Концлагерь Маутхаузен оставлял мало надежд.

Зубр заставлял себя идти с утра на работу, выслушивать сотрудников, отвечать, советовать. С отъездом Фогта у него работы прибавилось. Он что-то говорил, подписывал, двигался по заведенному распо рядку из кабинета в лаборатории — одну, вторую, в животник, вверх, вниз, но душа его оцепенела, ум бездействовал.

Если бы он взял семью и уехал в Америку, в Италию, к черту на кулички… Если бы он согласился вернуться в Россию тогда, в 1937-м… Если бы не подавал Фоме примера, не помогал выручать людей… Если бы в гордыне своей не возомнил, что нет ничего выше науки…

Возмездие настигло его. Неумолимое возмездие.

Много путей было предотвратить арест Фомы, да что там арест, теперь речь шла о его жизни. Он чувствовал, что Фоме не выбраться, его уничтожат. Германия двигалась от поражения к поражению, гестаповцы зверели, и шансов сохранить жизнь Фомы становилось все меньше.

Он стал ездить в церковь. Дома молиться не мог. Русская православная церковь стояла нетопленая, скупо-тонкие свечки еле освещали замерзшие лики. Он опускался на колени на ледяной кафельный пол, бил поклоны. Молился истово. Он все делал истово. Молитва избавляла от чувства бессилия. Больше ничто не может помочь, только чудо. К кому еще обращаться? На что надеяться? Если бы он что-нибудь мог сделать, чем угодно выручить… Он вдруг обнаружил, как дорог ему сын. Наука, успехи, истина, открытия — все, что так занимало, что, казалось, составляло смысл жизни, — все растаяло, рассыпалось ненужной шелухой. Не остается никаких ценностей, когда дело доходит до жизни ребенка. Фома снова стал ребенком, и отец готов был отдать все, что имел, что приобрел — свои знания, труды, славу, — лишь бы вытащить его. Как он мог раньше не понимать этого, считать детей само собой разумеющимся приложением к браку? Вспоминал, как мальчиком Фома ходил во французскую гимназию, как полюбил французский язык. Вспоминал, как последние годы придирался к Фоме: медленно соображает, нет своих мыслей, студент, а ни к чему толком еще не прилепился. Его сын должен блистать чем-то необыкновенным. Способности — это мало, талант нужен. Война? Ну и что с того? Война придет и уйдет. Кричал на него: глуп, туп, неразвит. Это про Фомку — красавца, милягу, умницу…

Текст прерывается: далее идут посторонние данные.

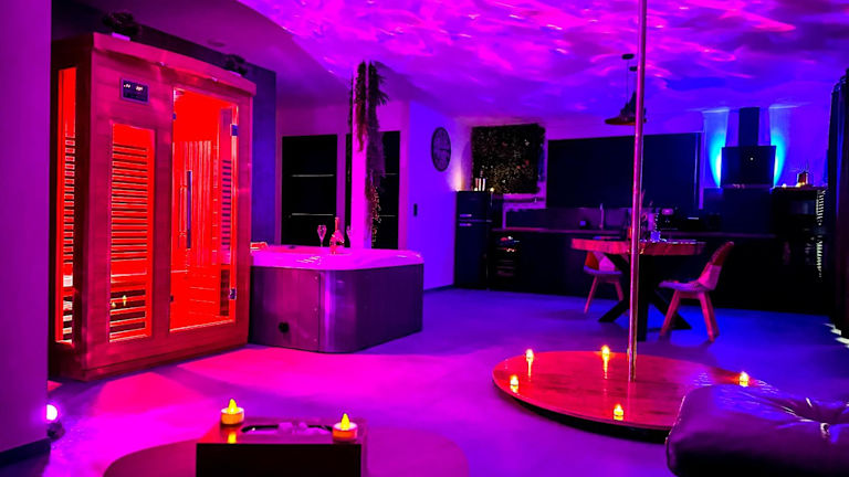 Die love room Villa Des Charmes bietet Garten- und Grillmöglichkeiten und ist eine klimatisierte Unterkunft mit einem privaten Parkplatz und kostenlosem WLAN. Die Rezeption ist rund um die Uhr besetzt, und die Mitarbeitenden sprechen Englisch, Spanisch und Französisch. Die Unterkunft hat spezielle Richtlinien für Feiern und für den Check-in.
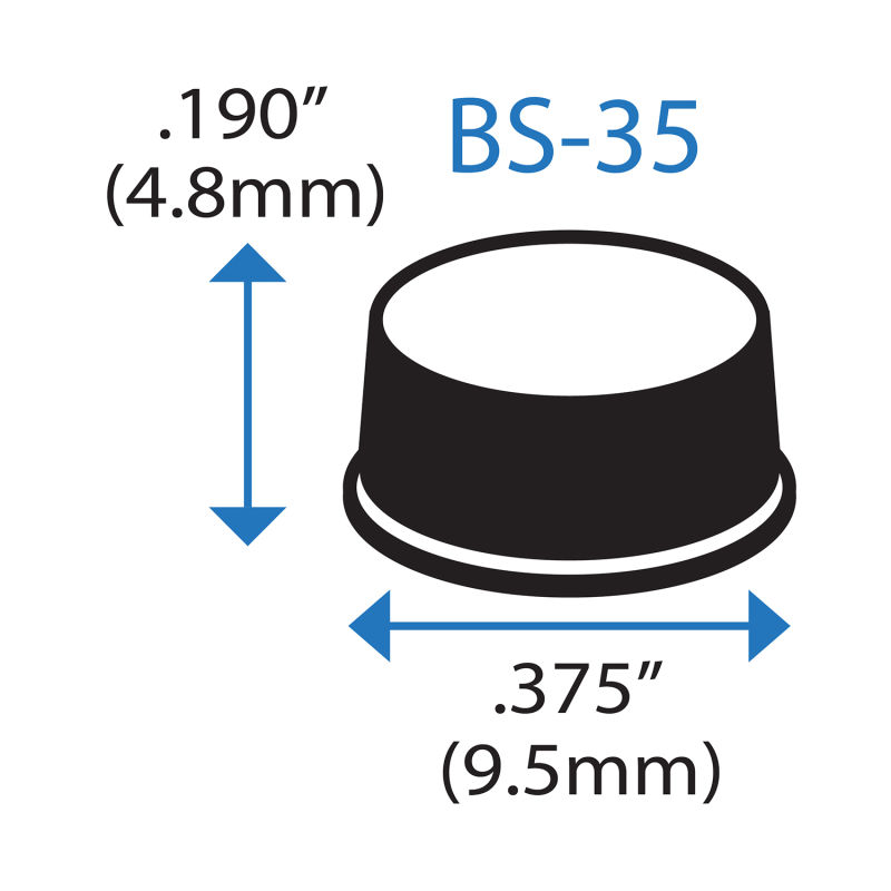 Cylindrical flat top bumper stops are commonly used to protect surfaces and prevent sliding. The flat top shape is ideal for load bearing applications as feet on the bottom of small appliances, cutting boards, or laptops. The flat top design can be used as spacers under glass tables, airflow under network equipment, and behind picture frames to protect walls. Simply peel and stick the bumper feet to your required location. These bumpers can be used everywhere and the application possibilities are endless. Bumper Specialties BS-35 is equivalent to 3M Bumpon SJ5333, SJ5733, SJ67A2

Туп и неразвит душевно был он сам… Сына прозевал. Нашел, когда утерял. Опоздал, всего чуть опоздал, место еще теплое. Господи, спаси Фому, помилуй меня, помилуй всех нас, сжалься надо мной! Пощади его, господи, не дай погибнуть!

Он ложился отдельно от Лельки, чтобы не мучить ее своим отчаянием.

Если Фома погибнет, это будет его вина, это он не сумел его уберечь. Когда же он прозевал, в какой момент? Ведь он. Зубр, бежал от политики как мог, уклонялся от всяких высказываний, организаций. Все равно она настигла, проклятая политика.

Олег Цингер писал мне, вспоминая Фому:

«Один раз я поехал с Фомой в город, чтобы купить ему хороший перочинный нож. Нож мы купили какой хотели, а потом пили чай в кафе. И вдруг мне Фома рассказал, что он хочет убить Гитлера, и что он состоит в заговоре с друзьями, и что он уверен, что ему это удастся! Говорил он бодро и весело. Говорил, что никогда бы это не сказал отцу, с которым вообще трудно ему разговаривать, ибо отец его только ругает… Потом Фома долго говорил о России, где, по его мнению, были самые быстрые поезда, самые хорошие дороги, самые большие тигры и орлы и самый лучший народ в мире Я был тронут, что Фома был так искренен со мной, но мне стало одновременно печально и очень страшно… Я почувствовал, как Фома впитал в себя все то, что Колюша ему рассказывал о России, и как по-детски он все это воспринял, и как опасно то, что он задумал. Я должен был дать слово никому ничего об этом не рассказывать».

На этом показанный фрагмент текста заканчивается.